Logstash - Extracting substring from CSV column


(Ashish) #1

Hi,

I have a csv file with a column called "threadName", value of which varies with each record in csv. example

CME_MOC 15-1
CME_MOC 15-2
CME_MOC 15-3
PME_MOC 15-1
KME_MOC 15-2

I am sending csv records to elasticsearch using below logstash conf:

csv {
separator => ","
columns => ["time", "elapsed", "threadName", "success", "IdleTime","Connect"]

But I want to extract "threadName" column and send below substring:

CME_MOC
CME_MOC
CME_MOC
PME_MOC
KME_MOC

Do I need to add a new field and use grok ? how can I achieve this

Many Thanks in advance
Ashish


#2

You could grok or dissect.

dissect {
      mapping => { "threadName" => "%{part1} %{part}" }
}

(Ashish) #3

Thanks Badger, qq- where should I place the dissect command -

filter {
if ([message] =~ "responseCode") {
drop { }
} else {
dissect {
mapping => { "threadName" => "%{part1} %{part}" }
}
csv {
separator => ","
columns => ["time", "elapsed", "label", "responseCode","responseMessage", "threadName",
"success", "bytes","sentBytes", "grpThreads", "allThreads", "Latency",
"SampleCount", "ErrorCount", "Hostname","IdleTime","Connect"]
}
}
}


#4

The dissect{} has to come after the csv{}, otherwise the threadName field does not exist.
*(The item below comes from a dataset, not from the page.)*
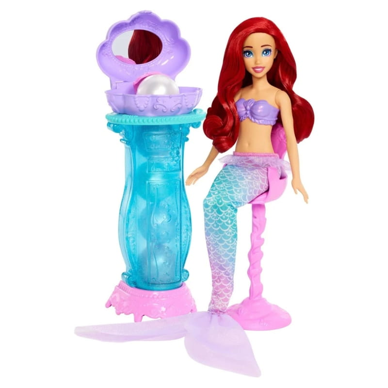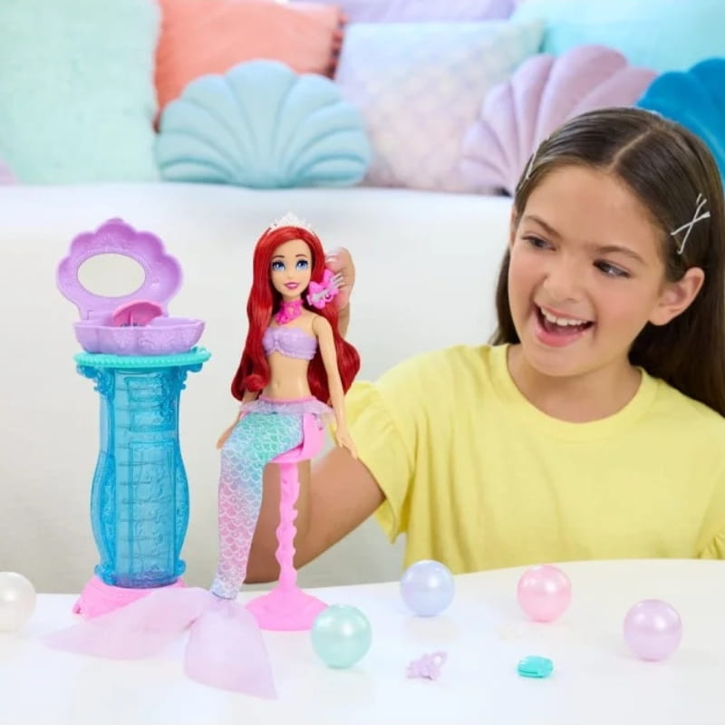 Wśród ukrytych skarbów znajdziesz tiarę, naszyjnik i kokardkę do włosów, które dodają Arielce królewskiego blasku i pozwalają na niezliczone metamorfozy. A gdy nadejdzie czas na kolejne przygody, "perełki" można ponownie napełnić i załadować do toaletki, by cieszyć się odkrywaniem skarbów na nowo!
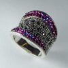 UncategorizedAnillo rodiado de marquesitas. Con dos filas de circonitas en cada lateral en color fucsia y azul.

Filters are executed in the order listed in the configuration.


(Ashish) #5

Hi Badger, Thanks again. For now I am using below grok

grok {
match => [""threadName", "%{USERNAME}"]
}

I will explorer more on dissect, but could please have a quick glance and see if below line does the same thing as grok ?

dissect {
mapping => { "threadName" => "%{part1}" }
}

Thanks for your help today


(Ashish) #6

I guess dissect will create a new field whereas grok keep the same field with new extracted value.

ex-
grok {
match => [""threadName", "%{USERNAME}"]
}

Here threadName field will have new value i.e CME_MOC

dissect {
mapping => { "threadName" => "%{part1}" }
}

But here CME_MOC will be stored in new field name- part1

am I right here?


#7

Don't guess, test it :wink: Run logstash with a config like this and then type something like "CMS_MOD 15-3" into stdin.

input { stdin {} }
output { stdout { codec => rubydebug } }

filter {
 # So we can inject stuff like "PME_MOC 15-1" on stdin instead of needing a csv
 mutate { "add_field" => { "threadName" => "%{message}" } }

 # Split into 2 fields with space as separator
 dissect { mapping => { "threadName" => "%{part1} %{part2}" } }

 # No separator, so it grabs the whole thing
 dissect { mapping => { "threadName" => "%{part3}" } }

 # Match the first [a-zA-Z0-9._-]+ in the field and throw it away
 grok { match => ["threadName", "%{USERNAME}"] }

 # Match the first [a-zA-Z0-9._-]+ in the field and put it in the username field
 grok { match => ["threadName", "%{USERNAME:username}"] }

 # Match the first [a-zA-Z0-9._-]+ in the field, anchored to optimize performance 
 grok { match => ["threadName", "^%{USERNAME:username2}"] }
}

If you save that as /tmp/test.conf then you can probably run logstash using

/usr/share/logstash/bin/logstash -f /tmp/test.conf --path.settings=/etc/logstash --path.data=/tmp


(Ashish) #8

:slight_smile: sure Badger, you were very helpful. Really appreciate your time and sharing the needed info.


(system) #9

This topic was automatically closed 28 days after the last reply. New replies are no longer allowed.